Practical steps to compliance
To manage AI-related privacy risks effectively, organizations should take a structured approach:
- Identify applicable AI-specific laws: Understand which jurisdictions have enacted AI legislation and assess how those laws apply to your use cases.
- Review regulator guidance: Use official toolkits and checklists to align internal practices with regulatory expectations.
- Map general privacy laws to AI activities: Evaluate how existing privacy obligations, such as legal basis, transparency, and data subject rights, apply to AI systems.
- Develop internal governance frameworks: Create policies that integrate privacy-by-design, data minimization, retention schedules, and security controls.
- Establish a review process: Monitor new AI deployments and regulatory developments to ensure ongoing compliance.
These steps help organizations build a scalable and defensible approach to AI governance.
Consent and preference management in AI compliance
Consent and preference management are critical components of AI privacy compliance, ensuring that individuals retain control over how their data is used, even in complex AI environments.
When AI systems rely on personal data, especially for profiling or automated decision-making, organizations must obtain valid consent. This includes:
- Clear explanation of how data will be used in AI training and deployment
- Granular options for different types of processing
- Easy mechanisms for withdrawal or modification
Consent must reflect informed, ongoing engagement and be supported by transparent communication.

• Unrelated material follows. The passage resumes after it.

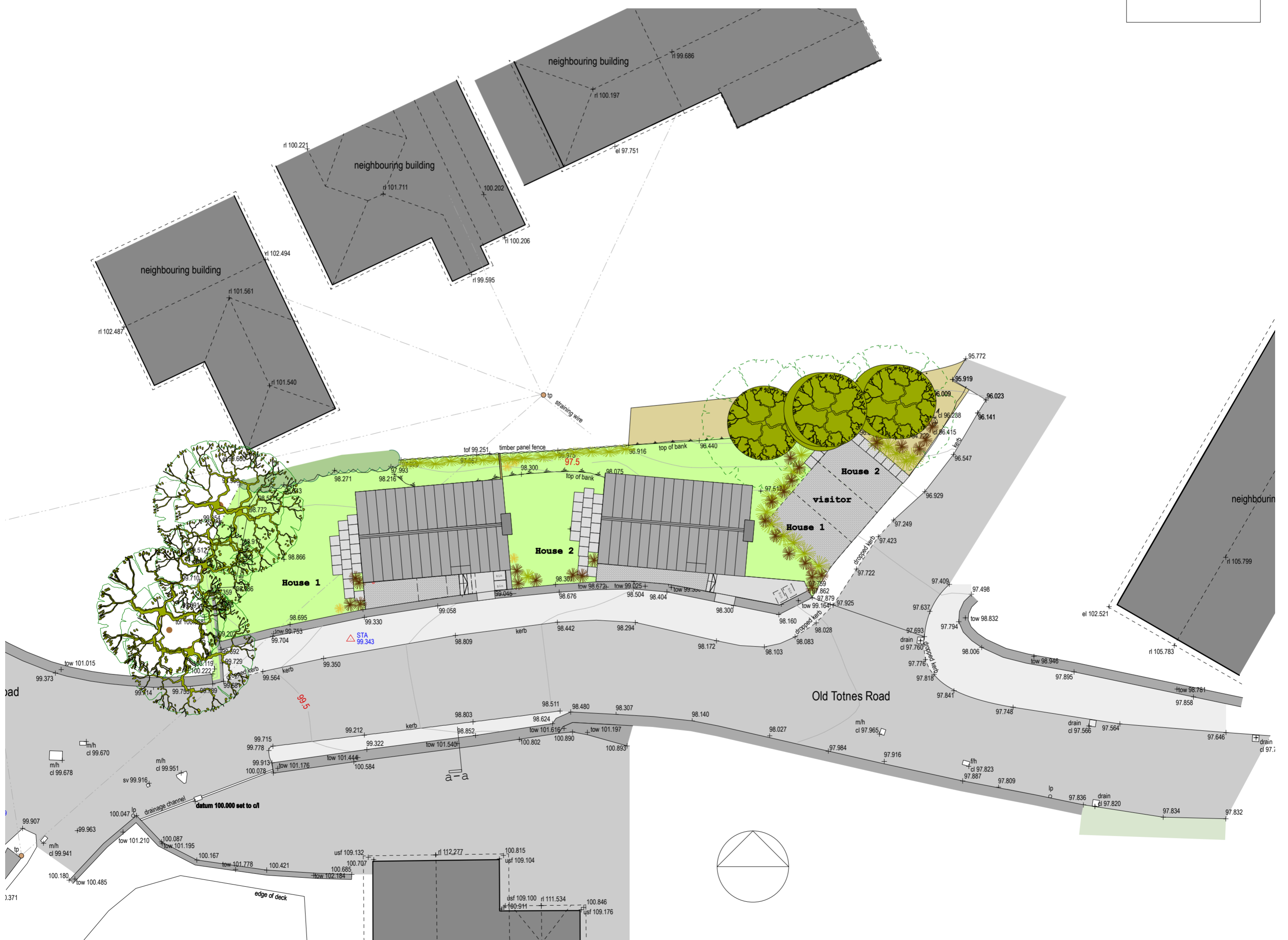
Site Plan 1.200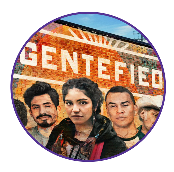
$65,000 raised through virtual table read featuring the cast of Gentefied and George Lopez

By integrating consent and preference management into AI workflows, organizations can:
- Reduce regulatory risk
- Improve customer trust
- Align AI innovation with ethical standards
Building a privacy-aware AI strategy
AI offers transformative potential, but it must be deployed with care. Organizations need to understand the legal landscape, apply privacy principles to AI systems, and stay ahead of regulatory developments.
By embedding privacy into every stage of AI development and deployment, organizations can unlock value while protecting individuals and maintaining trust.